Instinctively, Hanson seems to back away from this love story almost as soon as he’s started it, and for its final third Lucky You becomes an affecting men’s melodrama, with Hanson taking almost agonising pains to show the method and machinations of Texas Hold ‘Em. The attention to detail (Hanson is himself a poker player) is formidable, and the forensic detail with which he explores the various twists of a game is more gripping than you might expect, while the most bizarre cast of character actors gather round the green baize, to bet, play and watch. For a while, it seems like Hanson is going full-tilt to recreate the kind of idiosyncratic Americana that was being made on the Universal lot in 1971.

Perhaps symptomatic of this is a fleeting but entertaining cameo by Robert Downey Jr, playing a phone-scam artist who counsels gullible callers to his elaborate network of 1-800 numbers simply to fleece them of their premium rate charges.

The most obvious link to the classic Seventies cinema that Lucky You aspires is the casting of Robert Duvall, one of that generation’s most treasured supporting actors. LC Cheever, maybe like Duvall himself, is a relic from another era, rough-hewn and graceful, the kind of man who really could be disappointed in a son like Huck. When LC first appears in the movie, sitting down at a table with Huck, the tension between the two men is vivid; their conflict becomes the film’s motor.

Hanson also has Bob Dylan on board.

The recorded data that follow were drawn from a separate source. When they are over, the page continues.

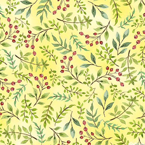 Leafy sprigs laden with berries are scattered against a mottled background. Digitally printed, larger branches are about 1-3/4", from the 'Drawn To Birds' collection by Jane Maday for Quilting Treasures.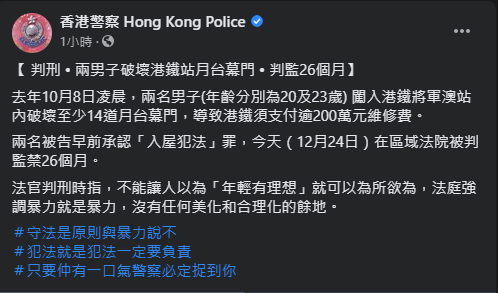 24日,警方在社交平台表示,1名20歲及23歲男子於今日(24日)在區域法院承認「入屋犯法」罪,被判監禁26個月。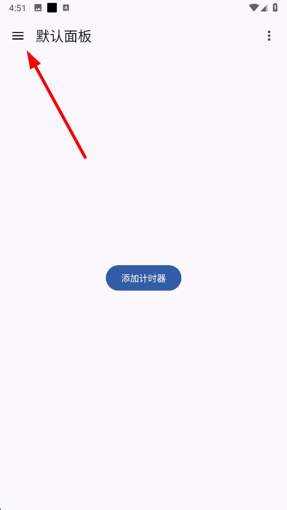 1、打开计时器app,点击左上角的三条横线图标,展开侧边栏菜单。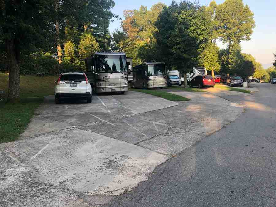 This park is perfect for you if your plans include sightseeing around Asheville. You have convenient access to all the attractions that surround this park. The road noise may get to some, we felt it was moderate and did not distribute us during our sleep. If you choose the pull-through route your nose will be close to South Bear Road. Again we did not find this an issue.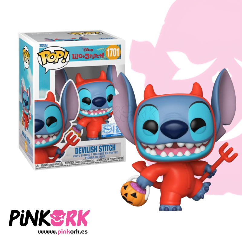 ¡Stitch vuelve más travieso que nunca! El Funko Pop! N.º 1701 de Devilish Stitch (Special Edition) presenta al querido extraterrestre de Lilo & Stitch con un toque endemoniadamente adorable. Con un diseño inspirado en Halloween o en su lado más rebelde, Stitch aparece vestido con un disfraz de pequeño diablillo, completo con cuernos y un tridente que combina a la perfección con su eterna picardía.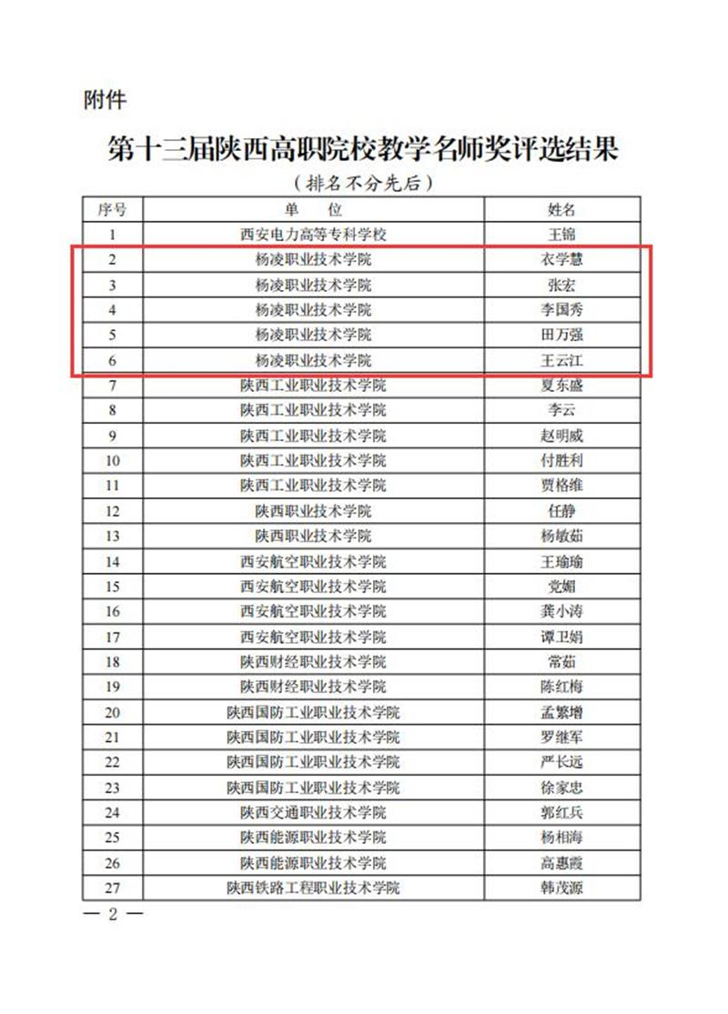【今日头条】杨凌职院5位教授获评陕西高职院校教学名师奖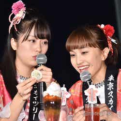 東京スカイツリーでは、2018年7月17日~9月2日の期間、ももクロの結成10周年を記念しコラボ企画を開催。この日、別の企画で新大阪駅から東京駅までモノノフ(ファン)とともに“ももクロ新幹線”に乗車し、車内アナウンスや写真撮影などを行ったという4人。百田は「前回、スカイツリーでイベントをやらせていただいたときに、今1番やりたいことを聞かれて『新幹線の車内アナウンスがしたいです』って言ったので、こんなに早く夢が叶うと思っていなくて、すごく嬉しかったです」と目を輝かせたが、玉井は「でも、リーダーが以前(新幹線に)乗ったときに、車内アナウンスで『左手に富士山が見えます』ってアナウンスを聞いて、それをやりたいって言っていて、今日ついに富士山を紹介するアナウンスができたんですよ!でも、左手を見たらお天気が悪くて富士山が一切見えなかったっていう…(笑)」とエピソードを明かして笑いを誘った。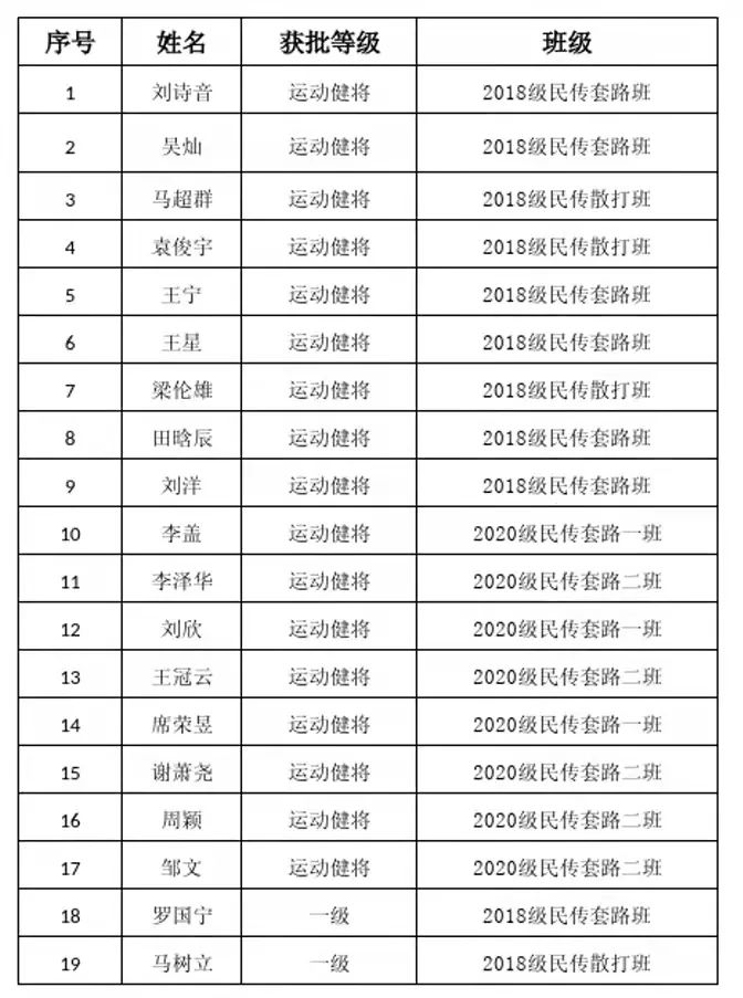 2021年11月9日收到中国龙狮运动协会下发关于《中国龙狮运动协会运动员技术等级管理办法(试行)》的通知,公司按照文件要求积极整理相关资料,加快推进舞龙舞狮运动员技术等级申报工作,在2018年—2021年相关赛事中,beats365官方网站龙狮团队共有32名同学荣获首批“龙狮运动员等级”称号,其中梁贤、马超群等30位同学获批“运动健将”称号,马树立等2位同学获批“一级运动员”称号。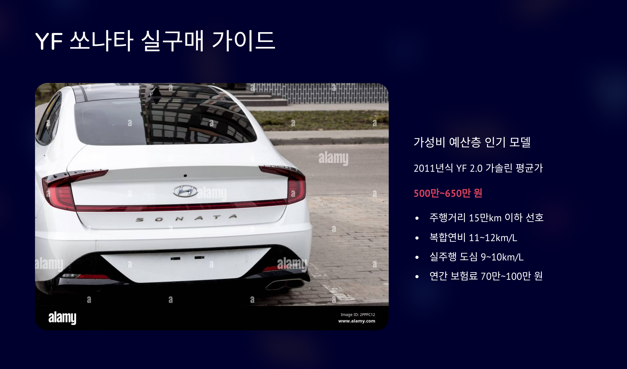 2011년식 YF 2.0 가솔린은 평균 500만~650만 원입니다.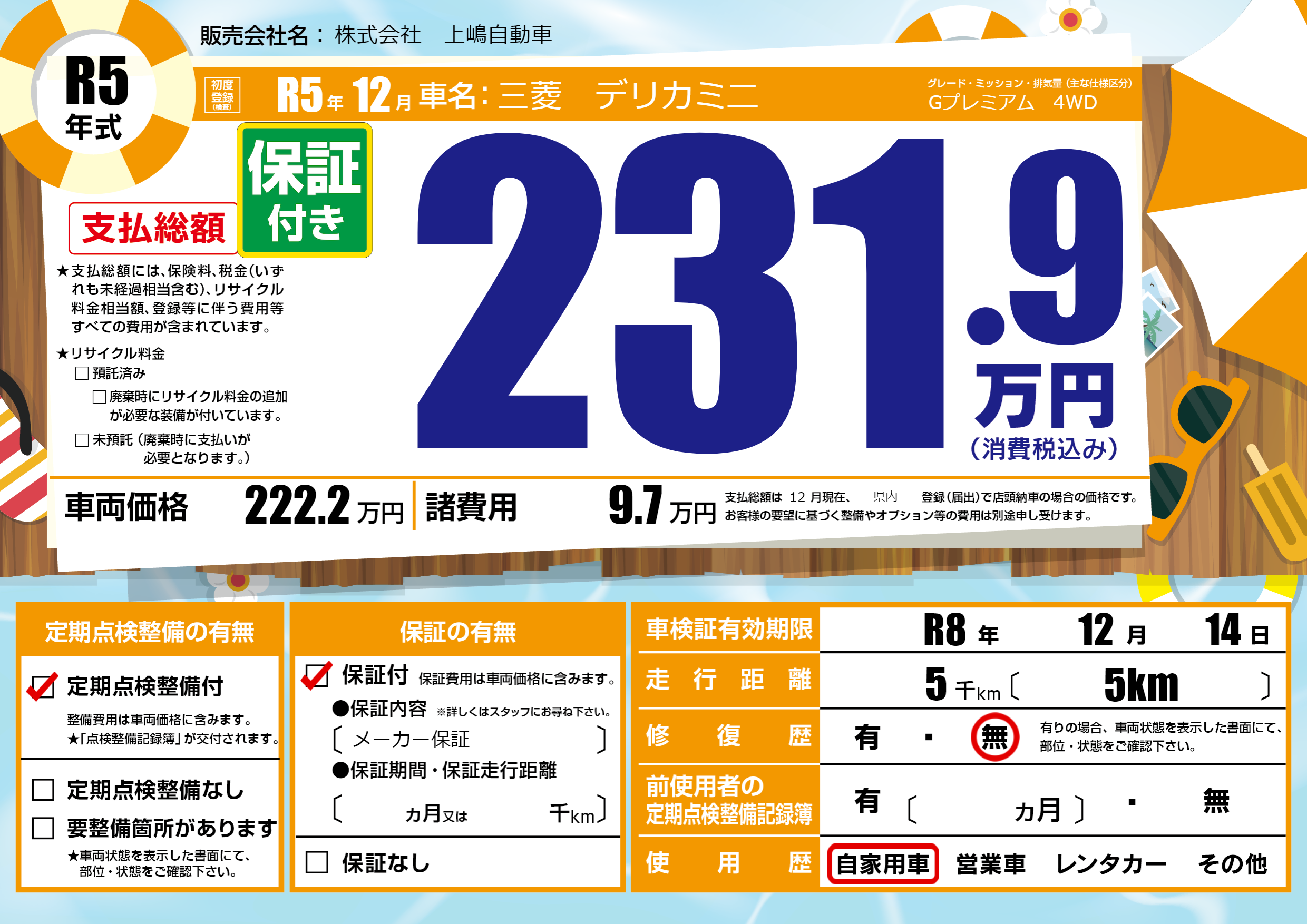 | 走行キロ | 0.5万km | 初年度登録 | R5年12月 |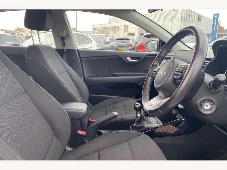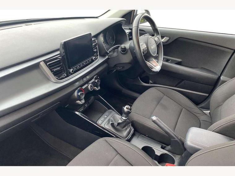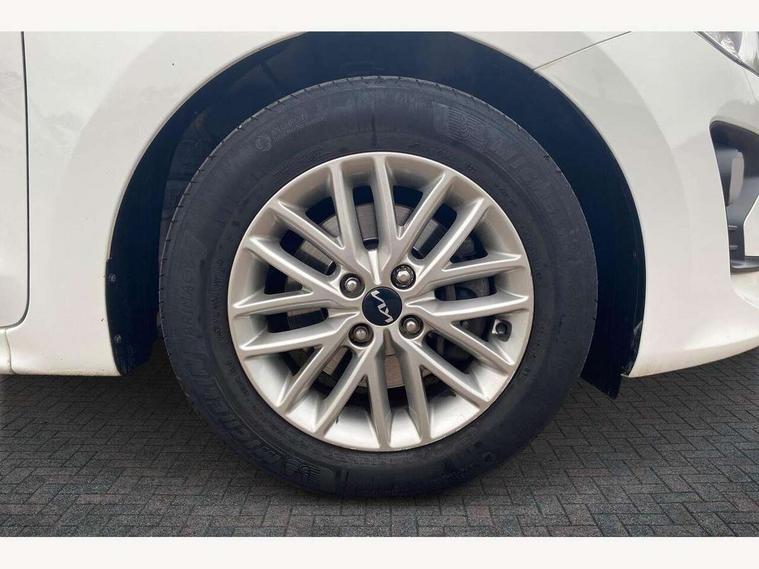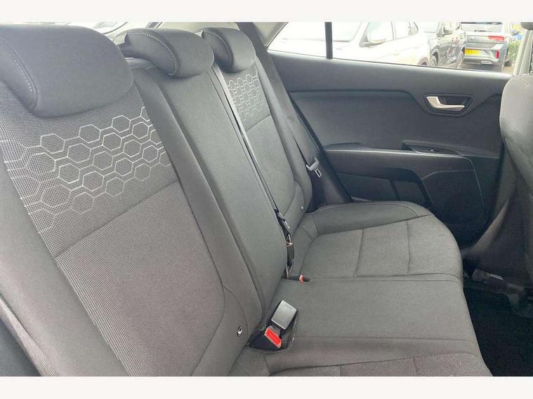 8" touch screen, Apple car play/Android Auto, Cruise control + speed limiter, Digital clock, Electric power steering, Emergency call service, Emergency stop signalling system, Gear selection indicator, Manual speed limit assist (MLSA), Outside temperature display, Rear parking sensor, Reversing camera system with dynamic guidelines (Integrated into centre fascia screen), Tachometer, Tailgate, Trip computer, Voice control system, Windscreen washer level indicator, Intelligent Stop and Go, 6 speakers, Bluetooth connectivity including audio streaming, DAB Digital radio, Front USB port for media connection, Rear USB port, Steering wheel mounted audio controls, 3rd brake light, Aeroblade-type front wipers, Automatic lighting control, Bi-function projection headlights, Black grille with chrome surround, Body colour bumpers, Body colour door handles, Body coloured door mirrors, Cornering light, Electric adjustable/heated/folding door mirrors, Front electric windows with driver's auto up/down function, Headlamp levelling, Heated rear window, LED daytime running lights, LED indicators in door mirrors, Projection front fog lights, Rain sensor, Rear electric windows, Rear fog lamp, Rear side wing doors, Rear wash/wipe, Speed variable front wipers, Tinted glass, Welcome home function, 3 passenger assist grips, 3 seat bench in 2nd row, 60/40 split/folding 2nd row of seats, Air conditioning, All round height adjustable headrests, Centre Console with Storage Box and Sliding Armrest, Dash illumination dimmer switch, Driver's seat height adjuster, Driver/passenger sunvisors and illuminated vanity mirrors, Front and rear door map pockets with bottle holder, Front passenger seatback pockets, Front USB charger port and 12V socket, ISOFIX top tethers and lower anchor points, Leather trimmed gearshift, Leather trimmed steering wheel, Load area light, Luggage area parcel shelf, Luggage hooks, Overhead console with sunglasses holder, Premium cloth upholstery, Silver interior door handles, Single front passenger seat, Tilt/telescopic adjustable steering wheel, Advanced driving assistance pack - Rio, 3-point front seatbelts, 3x3 point rear seatbelts, ABS with Electronic Brakeforce Distribution (EBD) and Brake Assist System (BAS), Automatic unlocking of doors in case of impact, Cornering brake control (CBC) and Straight line stability (SLS), Electronic stability control (ESC) and vehicle stability management (VSM), Front seatbelt pretensioners + load limiters, Height adjustable front seatbelt anchors, Hill start assist control (HAC), Passenger airbag deactivate switch, Rear child proof door locks, Seatbelt warning, Traction control, Twin curtain airbags, Twin front airbags, Twin front side airbags, Tyre pressure monitoring system, Anti theft alarm, Deadlocking system, Engine immobiliser, Locking wheel nuts, Remote central door and tailgate locking with fold-away key, Speed sensitive auto door locking, Visible vehicle identification number, Silver fascia trim, 15" Alloy wheels, Tyre mobility system,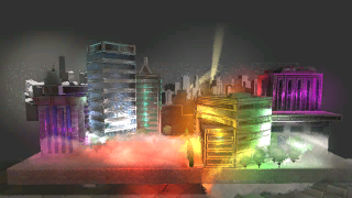 1701Another weekend project: A city filled with color, obscured by fog. No gameplay, just eye candy.
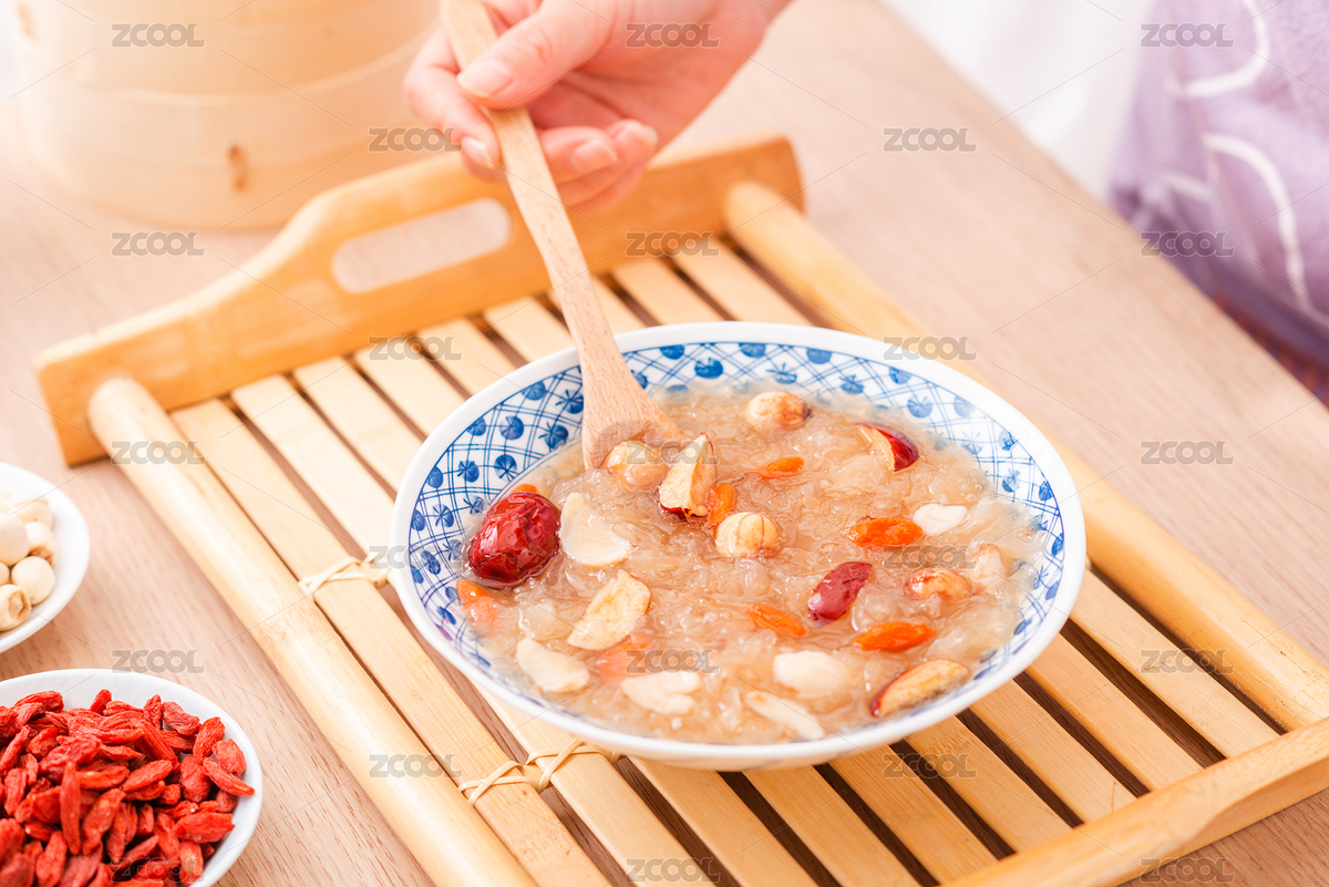 中式复古木纹桌子上的一碗红枣银耳莲子羹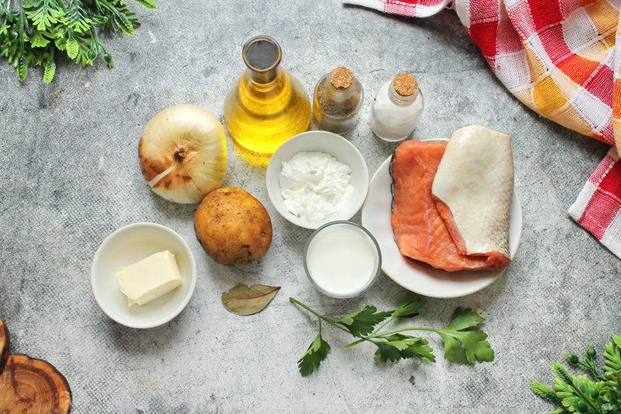 Подготовьте все необходимые ингредиенты для приготовления финского супа из лосося со сливками. Картофель и репчатый лук почистите и сполосните.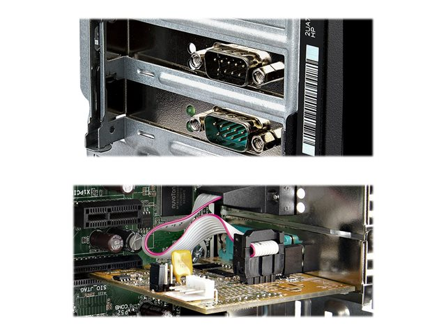 Add serial communication support to a small form factor (SFF) or full-size system, using this two-port serial card. RS-232 (DB9) support enables control and communication with serial peripheral devices.

Dylan wrote the Oscar-winning “Thing Have Changed” for The Wonder Boys, and here contributes a new song: “Huck’s Tune”, a folky, blues number that’s his first new material since Modern Times. Hanson’s said that he wanted to work with Dylan since seeing him act in Sam Peckinpah’s Seventies’ Western Pat Garrett And Billy The Kid – now he has the good fortune to be the only director for whom Dylan has specifically written songs.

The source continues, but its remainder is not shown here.